Realizing I had not seen a second of these movies since the aforementioned torpedo kicking, and as they are still bafflingly popular and we do have a movie website here, I sat down to watch Fast 9 and Fast X last week (while drinking heavily) and, well…
OK, they are objectively awful. Stupid, ridiculous, laughable. They are, by any measure, a load of comical horseshit. And yet, and yet… I was not bored once. I was completely entertained from beginning to end, and when Fast X ended on a cliffhanger I immediately wanted to know what happens next. What will I do if anyone finds out about this? How will I be able to look my wife and kids in the eye, knowing this happened? Maybe it is best if we just forget this ever happened, right?
Anyway…
In the post-credits scene of Fast X it was revealed that Dwayne Johnson’s Luke Hobbs will be returning. Now a listing in Production Weekly has revealed that he will lead another spin-off and it will be titled Fast & Furious Presents: Hobbs & Reyes. This follows the last spin-off, which was titled Fast & Furious Presents: Hobbs & Shaw. This movie will bridge the gap between Fast X and Fast X: Part Two.

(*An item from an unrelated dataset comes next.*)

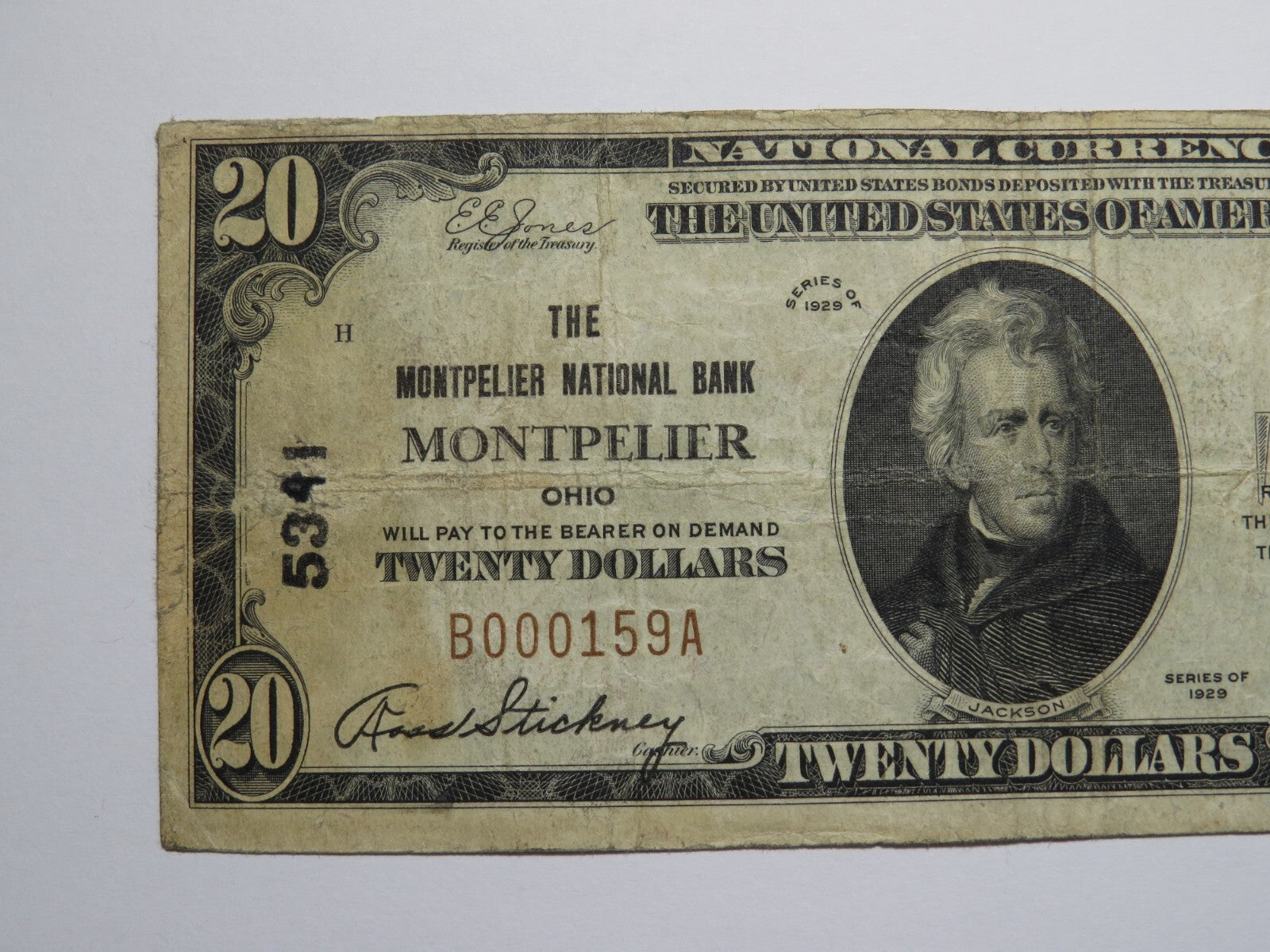 Up for auction is a $20 1929 Montpelier Ohio Type 1 National Currency Note. This note was issued by The Montpelier National Bank. It is Charter #5341. Montpelier is a tough to find Ohio town! This note still has some good crisp left to it and is in good shape with no major issues. This is a great looking bill that is a must have for any collector of National Bank Notes!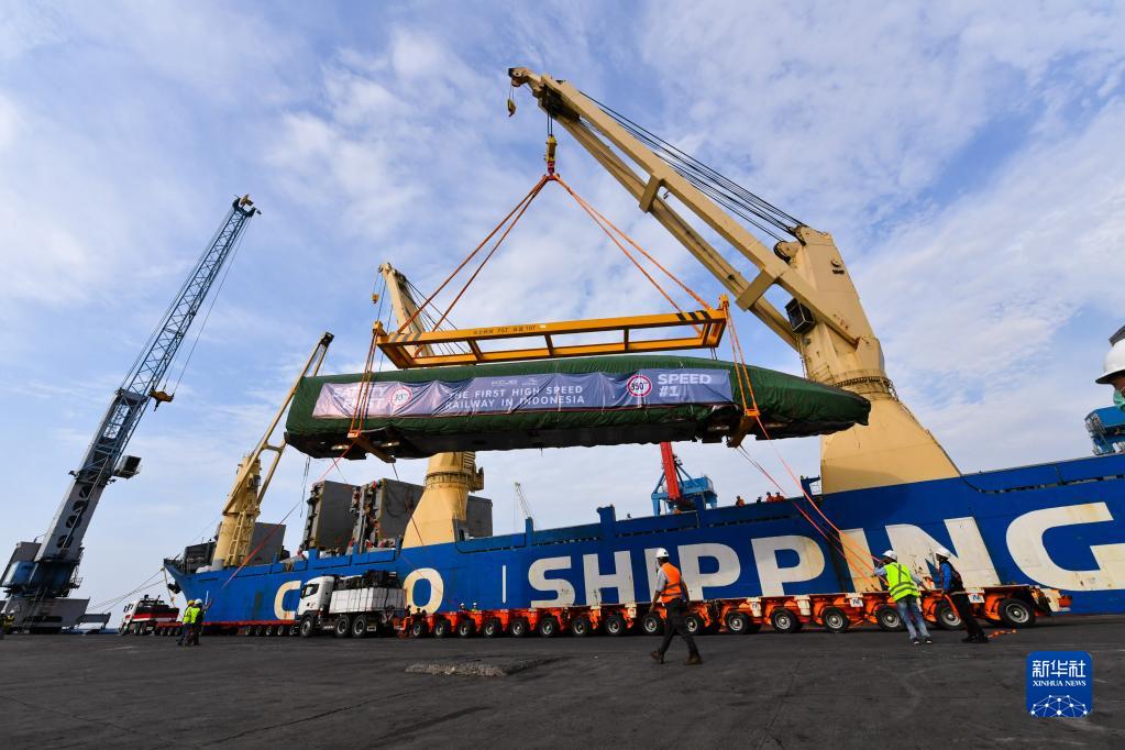 9月2日,在印度尼西亚雅加达丹戎不碌港举行的运抵仪式上,雅万高铁高速动车组在港口卸船。

The title suggests the movie will center on Jason Momoa’s villain Dante Reyes. Fast X: Part Two is set for an April 4th 2025 release, so this movie must be in some kind of pre-production right now and will have to start shooting before the end of the summer to get out the gate before that main movie.
Previously, the Fast And Furious franchise was a sure-fire money-earning juggernaut. As part of the same performance uncertainty that has hit Pixar and DC recently, and even pulled down Marvel, the series has stuttered. Furious 7 made $1.5 billion of a $250 million budget. Movie number eight made $1.2 billion. F9 was delayed by COVID and was impacted by cinema closures, then was released in overseas territories first, allowing for increased piracy. That was the excuse, anyway, as to why it only made $726 million.
Although that excuse may now be laid bare, as Fast X cost $340 million but has made only $679 million worldwide. The wheels are coming off another mega-franchise?